Issah Salou

Personal information
- Full name: Issah Abdoulaye Salou
- Date of birth: 4 February 1999 (age 26)
- Height: 1.76 m (5 ft 9 in)

Youth career
- –2019: Sporting Club Accra

Senior career*
- Years: Team / Apps / (Gls)
- 2019–2022: Randers / 1 / (0)
- 2021: → Jammerbugt (loan) / 16 / (0)
- 2022–2024: Skive / 57 / (0)
- 2024–2025: Ishøj / 7 / (0)

International career
- 2019: Niger U20
- 2020–: Niger / 4 / (1)

= Issah Salou =

Nigerien footballer

Issah Abdoulaye Salou (born 4 February 1999) is a Nigerien professional footballer who plays as a central midfielder and also as a winger.

==Career==
Salou joined the youth academy of Ghanaian side Sporting Club Accra.

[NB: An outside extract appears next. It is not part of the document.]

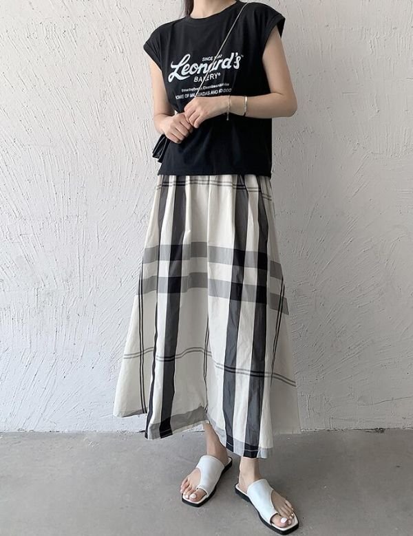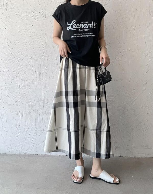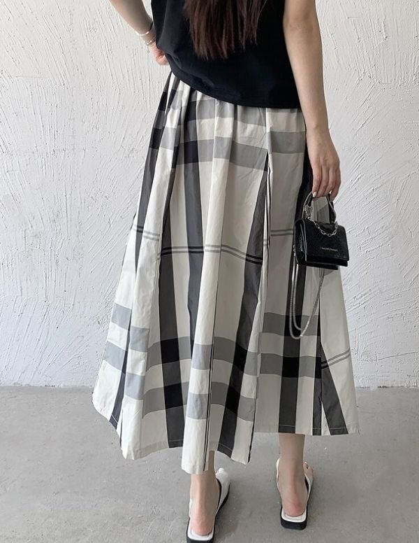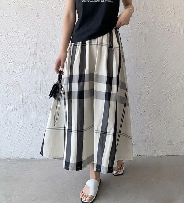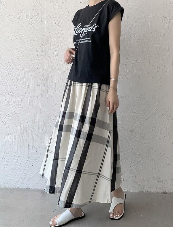 スカート ロング丈 今季新品 チェック柄 フレアスカート レディース マキシ丈 ボトムス 大人★カーキ /Lサイズ

In 2019, he signed for Randers in the Danish Superliga. During February 2021 he signed a deal for the rest of the season with Danish 2nd Division club Jammerbugt FC.

On 1 February 2022, Salou signed with Danish 2nd Division club Skive IK. He left in the summer 2024. On August 3, 2024, Salou was suddenly on the roster of newly promoted Danish 2nd Division side Ishøj IF, without any further official announcement about the transfer.